If ever a girl baby didn’t want to leave the womb, it was our daughter, Sarah Maria. She was three weeks late, and James and I spent practically all that time with Dustin and Anne Hoffman. Dustin, I remember, had a plan: he would make me laugh so hard it would induce labor. While we waited for that to happen, the four of us whiled away the time by playing cards, eating hot Indian food in our brownstone, going to restaurants and shows—including a Peter Cook–Dudley Moore night on Broadway—and listening to Dustin read aloud from Lenny, which he was just starting to shoot. Dustin was determined to induce my labor, but as it turned out, the one time I wasn’t trying—for Dustin’s sake—was one night I went to bed on the early side. That night, I recall, the moon was closer to the earth than it had been in twenty-three years. The night was brisk and clear, and I had a sudden thought from out of nowhere: I should clean all the copper in the house. The next morning, at around 6:30 a.m., my water broke. In a panic, James called for Lydia, our housekeeper and cook, telling her there was water everywhere.
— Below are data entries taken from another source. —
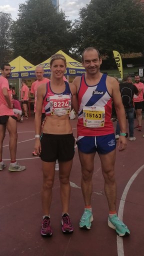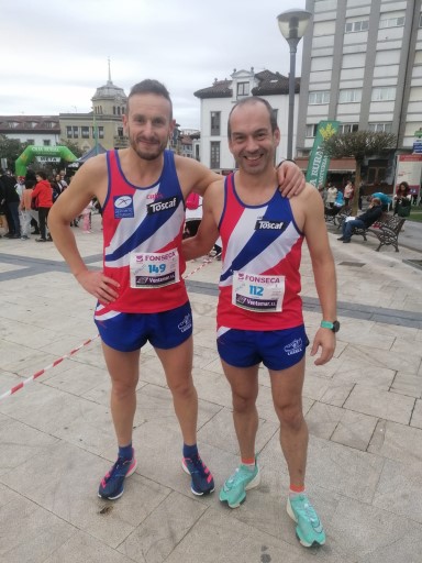 Se desplazaron hasta esta localidad palentina RUBEN DEL CAÑO y ANGEL RODRIGUEZ. Los dos se subieron al podium en la media maratón, siendo Rubén sexto de la general y primero +50 con un tiempo de 1h 29'17" y Angel 19 de la general y segundo +55 con un tiempo de 1h 42'46" Rubén corría nuevamente el domingo, pero en este caso, la maratón en donde quedó octavo de la general y cuarto +50.
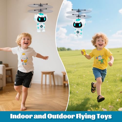 【Compact & Portable Design】With its small, lightweight build, this flying robot is easy to carry in a bag or backpack. Kids can take it to friends houses, parks, or on trips, so fun is always within reach. Helicopter toy compact size also suits play in smaller indoor spaces like bedrooms or living rooms.Comes with a USB charging cable for convenient powering.
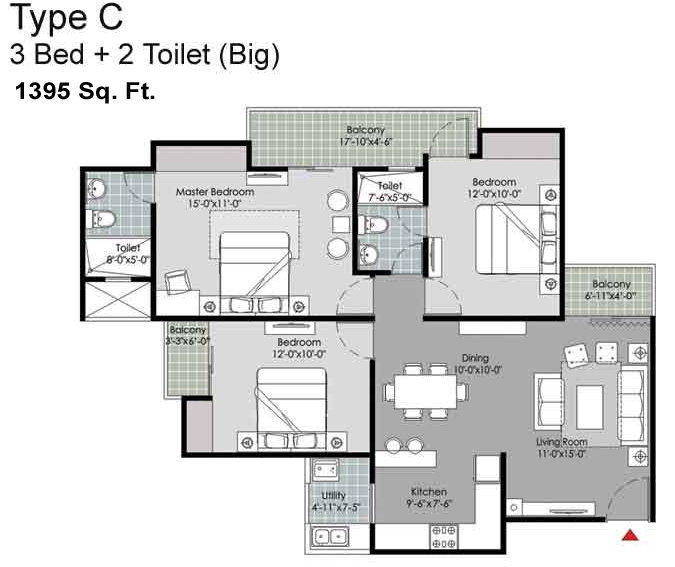 3BR+2T(Big) | 1395 Sq-Ft | 76,72,500 | View Plan |
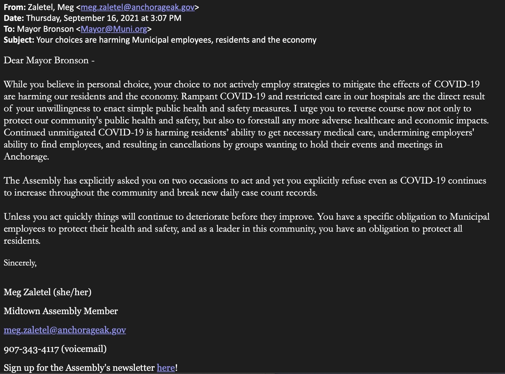 Zaletel, closing out her email, wrote that unless Mayor Bronson acted quickly, the situation in Anchorage would continue to deteriorate before they improve. She told the mayor that he had a "specific obligation to municipal employees to protect their health and safety," and that as a leader, Bronson also had an "obligation to protect all residents."
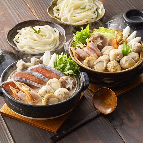 北海道産の秋鮭、帆立や、他にも海老、つみれなどを、味噌仕立てのたれでいただく北海道の郷土料理「石狩鍋」の具材と、かに、えびなど4種類のつみれの他にも海老、帆立などをあっさりした醤油仕立てのたれでいただく海鮮つみれ鍋の具材を、それぞれ1〜2人前の少量タイプにセットしました。お好みで野菜などを足していただくだけで本格的な鍋をお楽しみいただけます。〆はうどんでどうぞ!!

Lydia wrapped a couple of towels around my waist as James hightailed it onto Sixty-second Street to hail a cab. I’d had a bag packed all month, and as Lydia placed my winter coat around my shoulders, all I had to do was pick it up and delicately pile inside the cab next to James. It was January 7, 1974, and as we sped to the hospital, it felt to me as though we were driving right into the moon, which was still full, still bright. Beside me, James was doing his best to maintain calm, though he made it a point to keep the towels around me at just the right level to keep in check the possibility of a backseat flood.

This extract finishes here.